Jubaili Bros. has been focused on providing diesel generation sets, engines, and alternators for decades. How has your business model adapted for clean energy?
The Shams Dubai Initiative in 2015 was the catalyst for our end to get started in the solar industry. When joining the company in 2006, I requested that we start operations in solar but when we did the research, we found out that there was not much of a PV market back then. We ended up starting the solar division in 2017 – and it was as my personal initiative run separately from the rest of the company. The Jubaili Bros. Solar Division has its own team identity. Having become a distributor for solar equipment in the region gives us a much broader reach than we would if we did installations.
What role do you think that battery energy storage generation will play in the future for your company and the Middle East region?
Battery storage will play an important role in every region in the world offering grid stabilization, peak shaving and various other services. It will all depend on a region’s migration to renewable energy. For the Middle East specifically, it is rather difficult to predict whether the region will migrate completely away from fossil fuels – considering that it has nearly free access to fossil-fueled electricity.
We have seen a new wave of ‘mega’ solar farms in the Middle East. Do you think that this is a trend that will continue in the region?
This trend will continue because of two main reasons. Firstly, because there are some large companies in the Middle East that are trying to become world leaders in the utility-scale space; and secondly, because the region has excellent solar irradiation which leads to world record-breaking prices for solar. A potential threat is that such ‘mega’ utility-scale projects are driven by local governments – and governments can change their minds. But the private sector will continue developing C&I projects regardless.
Is there place for smaller PV farm development, say 10 to 40 MW, in MEA?
We have seen a lot of appetite for C&I projects of that size via wheeling, meaning the PV plants are being installed away from the power consumption site and potentially generating electricity for a number of private customers. Wheeling projects are installed in Jordan, for example. However, regulation needs to allow it. In the United Arab Emirates (UAE), the Dubai Electricity and Water Authority has recently stopped allowing all ground-mounted C&I solar PV projects from the Shams Dubai Initiative, and have capped all rooftop projects at 2 MW. This regulation will hit the local market hard, putting many large C&I solar projects up to 50 MW in jeopardy of being canceled.
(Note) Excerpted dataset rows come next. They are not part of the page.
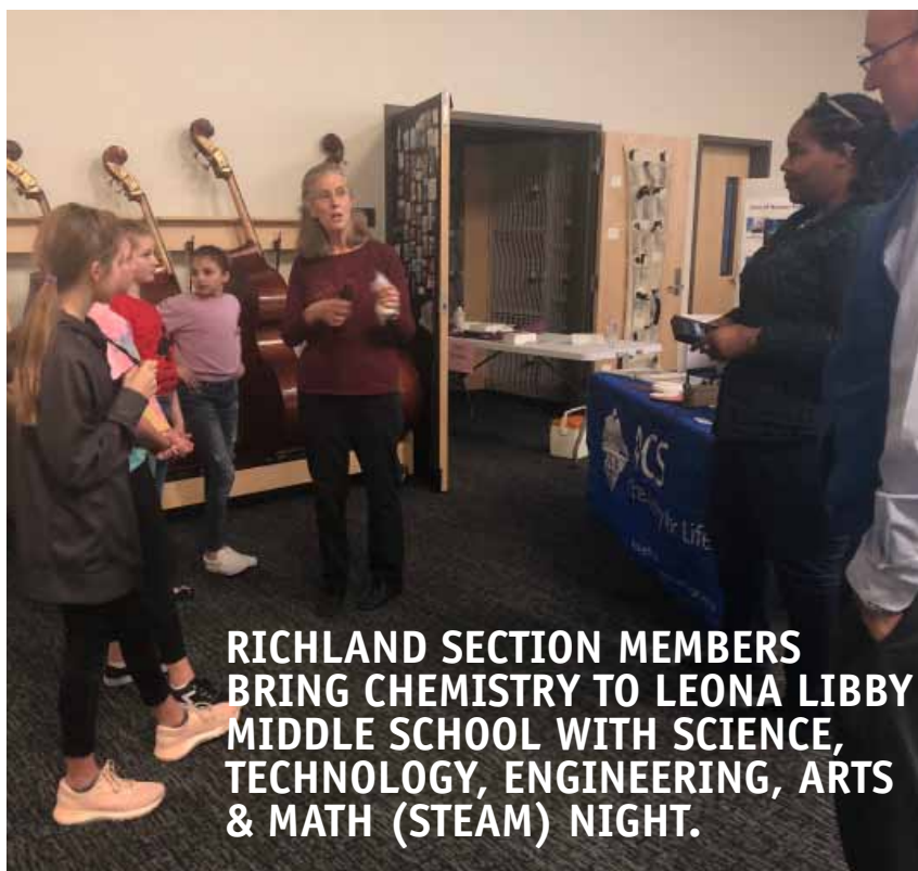
RICHLAND SECTION MEMBERS BRING CHEMISTRY TO LEONA LIBBY MIDDLE SCHOOL WITH SCIENCE, TECHNOLOGY, ENGINEERING, ARTS & MATH (STEAM) NIGHT.

Other sponsors included the Society of Women Engineers (SWE, Eastern Washington Section), Yakima Valley/Tri-Cities Mesa, Women In Nuclear (WIN), Bechtel, and Energy Northwest. The sponsorships assisted in booking the conference venue, helping to register the event through the national EYH program, providing a lunch to students and volunteers, having swag bags to offer the attendees (stocked with useful items such as notepads, pens, and water bottles), and allowing the committee to offer EYH scholarships.
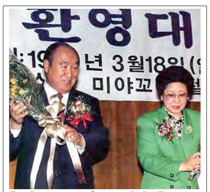
True Parents receive flowers at the San Francisco public speech to the Korean community on March 18, 1990

True Father launched his first U.S. speaking tour since the 1970s, addressing Korean communities in five U.S. cities, beginning in San Francisco on March 17, 1990.
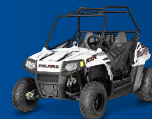
RZR 170 AGES 10+
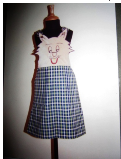
STYLE 5 – YOKE (A pinafore with a cartoonic yoke)

QUESTIONNAIRE: A questionnaire was framed to obtain the opinion with regard to function and decoration of the constructed garments. The questionnaire was then filled by 25 home scientists and 25 mothers and the reason for selecting the specific style was known.
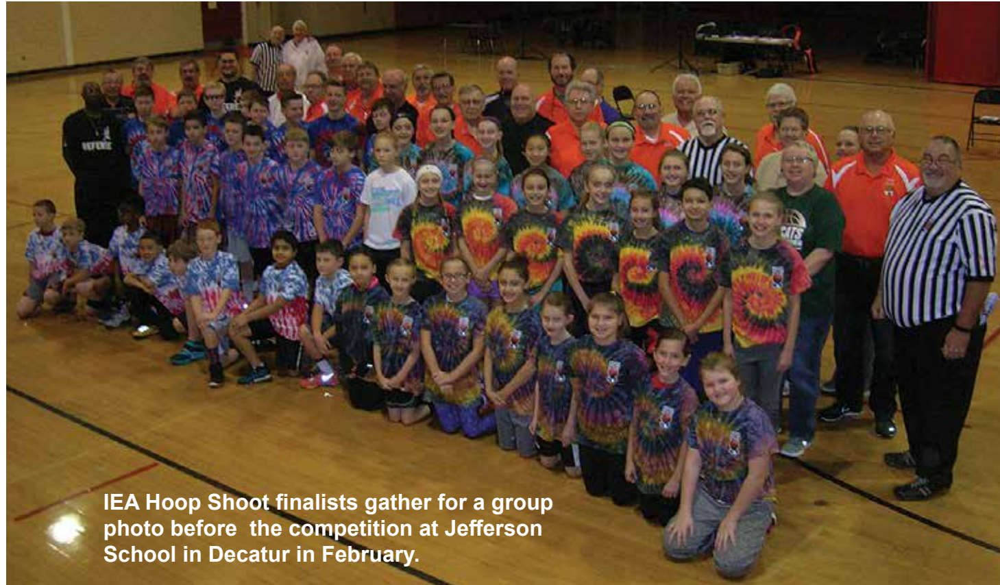
IEA Hoop Shoot finalists gather for a group photo before the competition at Jefferson School in Decatur in February.

In addition, Illinois' shooters overall sank more shots than their counterparts in Iowa, Minnesota and Wisconsin with 120 shots made in regulation, compared to Wisconsin's 117, Minnesota's 116 and Iowa's 105.

Several Middle East economies are strongly linked to the oil and gas industries. Given the current slump in oil prices due to Covid-19, do you think that there are new opportunities and/or challenges for solar PV in these countries?
We see from our experience working in Pakistan, Asia, and Africa that minigrid systems combining diesel, solar, and batteries provide effective solutions to rural areas. However, because we are in a market where oil is basically the economy, this can drive such projects down in the region. Regarding utility projects, I am not sure if governments will cancel them because, at the end of the day, an investment in solar is always a good investment. Solar PV is a proven technology, and there is also a lot of funding for renewable energies internationally. So in the end, these governments may not even need to use their own money to fund utility projects.
Do you see growing activity of solar-powered water desalination throughout the region?
Yes, we absolutely see this and we are currently working on a 35 MW solar PV water desalination project in the northern part of the United Arab Emirates. Since our client also operates other desalination projects, we will probably see this initial business venture extending to other sites too. Solar PV is cost-effective and can help reduce the cost of desalinating water all over the Middle East.
There is a widespread perception that solar PV systems in the Middle East have to undergo harsh weather conditions. What is your experience on this front?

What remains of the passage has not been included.